Hallo! Ich bin Neuling im Päd-Bereich, also bitte nicht steinigen...
Ich habe einen 3 1/2 jährigen Jungen in Behandlung. Auf dem Rezept steht Störung der sozialen Interaktion bei sicherer Bindung. Es hat sich durch das Gespräch mit der Mutter und durch Beobachtungen ergeben, dass der Junge generalisiert ängstlich ist, taktil defensiv und dadurch ein eingeschränktes Explorationsverhalten in Gesellschaft Fremder aufweist - d.h. alleine und mit Geschwistern (5, mittleres Kind) spielt er auf dem Spielplatz und im KiGa, sobald ein anderes Kind/Erwachsener dazu kommt, traut er sich nicht mehr. Das werde von Zeit zu Zeit schlimmer. Das Ziel ist es, das Selbstbewusstsein des Jungen aufzubauen und damit seine eigenständige Handlungskompetenz zu stärken.

Die Stunden habe ich bisher so aufgebaut, dass die Mutter mit in die Therapie gekommen ist. Um Struktur und Vertrauen aufzubauen habe ich feste Parcourelemente (Rollrutsche und Trampolin) integriert. Zudem hat er, passend zu seinen Interessen (Feuerwehr), Spielkarten und Holzfiguren aus der Ratz-Fatz Reihe [Haba] im Parcour gesammelt und zur großen Matte gebracht, wo wir dann gemeinsam ein "Wegschnappspiel" gespielt haben. Den Parcour habe ich jedesmal um etwas "unbekanntes" ergänzt. Prinzipiell klappt das Konzept, jedoch nur mit der Mutter.

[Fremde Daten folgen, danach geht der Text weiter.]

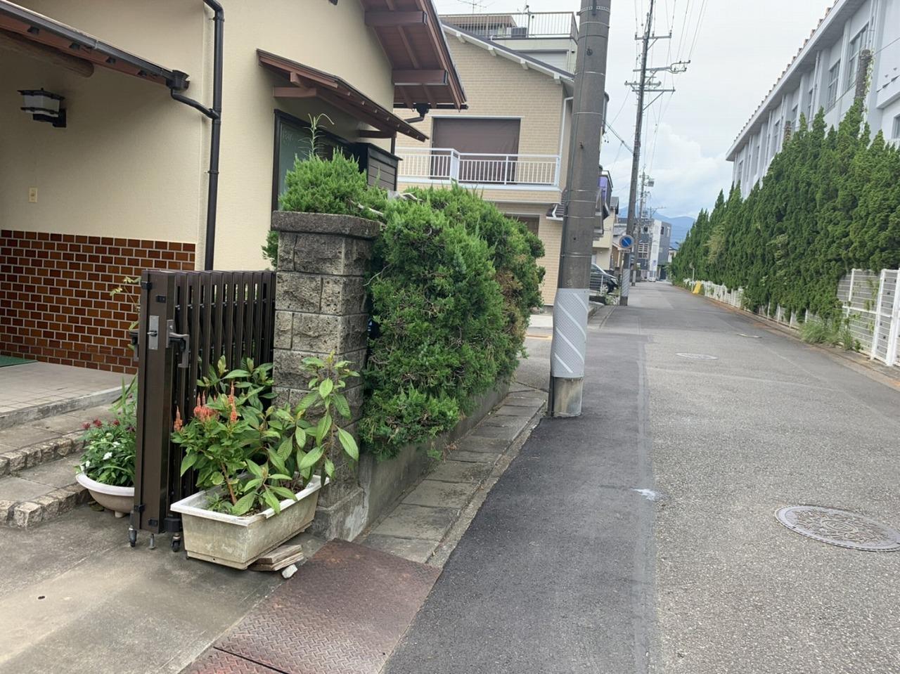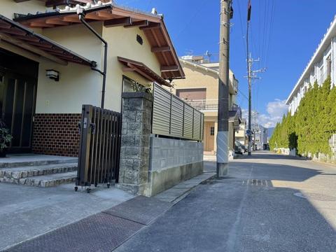 静岡市清水区、アルミフェンスの新設工事です。生垣を解体処分して、目隠しフェンスを新設しました。通風しながら、プライバシーを確保できるようリクシル フェンスAB YL3型(横ルーバー)を採用いただきました。生垣からフェンスにしたことで、道路側も家側もすっきりしました。フェンスをオータムブラウン色にしたので、和風な外観ともマッチしています。

Der Kleine "klebt" an ihr und mag sich gar nicht lösen - er hüft auf ihren Schoß, springt in den Arm, schmust sich an, dreht sich bei Ansprache in ihren Arm um Blickkontakt zu vermeiden und spricht auch sehr selten mal auf genaue Nachfrage mit mir. Er läuft an der Hand und die Mutter muss ihn beispielsweise aufs Rollbrett setzen (auch wenn ich es vormache). Man merkt er möchte, er hat Spaß dabei, aber ohne die Mutter geht nichts. Auf Socken hat er alles verweigert (taktil defensiv, aber das ist nicht das primäre Ziel). Er wird von beiden Seiten ermutigt und gelobt und am Ende reflektiere ich mit ihm kindgerecht was gut geklappt hat, indem er sich zu den Punkten Stempel aussuchen darf (sich trauen, ausprobieren, aufräumen helfen etc.)
Nun kommen wir aber nicht weiter. Die Mutter auf die Bank zu setzen al la "die Mama macht jetzt Pause" klappt nicht - er heftet wie ein Magnet an ihr. In Absprache mit der Mutter konnten wir ihn austricksen, dass er z.B. im Spieleeifer schon zur Rutsche rennt und die Mutter dann nicht da steht, sondern ich und er trotzdem hochklettert. Es gab auch Stunden wo er sich 45 Min. lang kein Stück von der Mutter gelöst hat, und nur auf ihrem Arm saß und ihr am Bein hang wenn sie ihn runterhob.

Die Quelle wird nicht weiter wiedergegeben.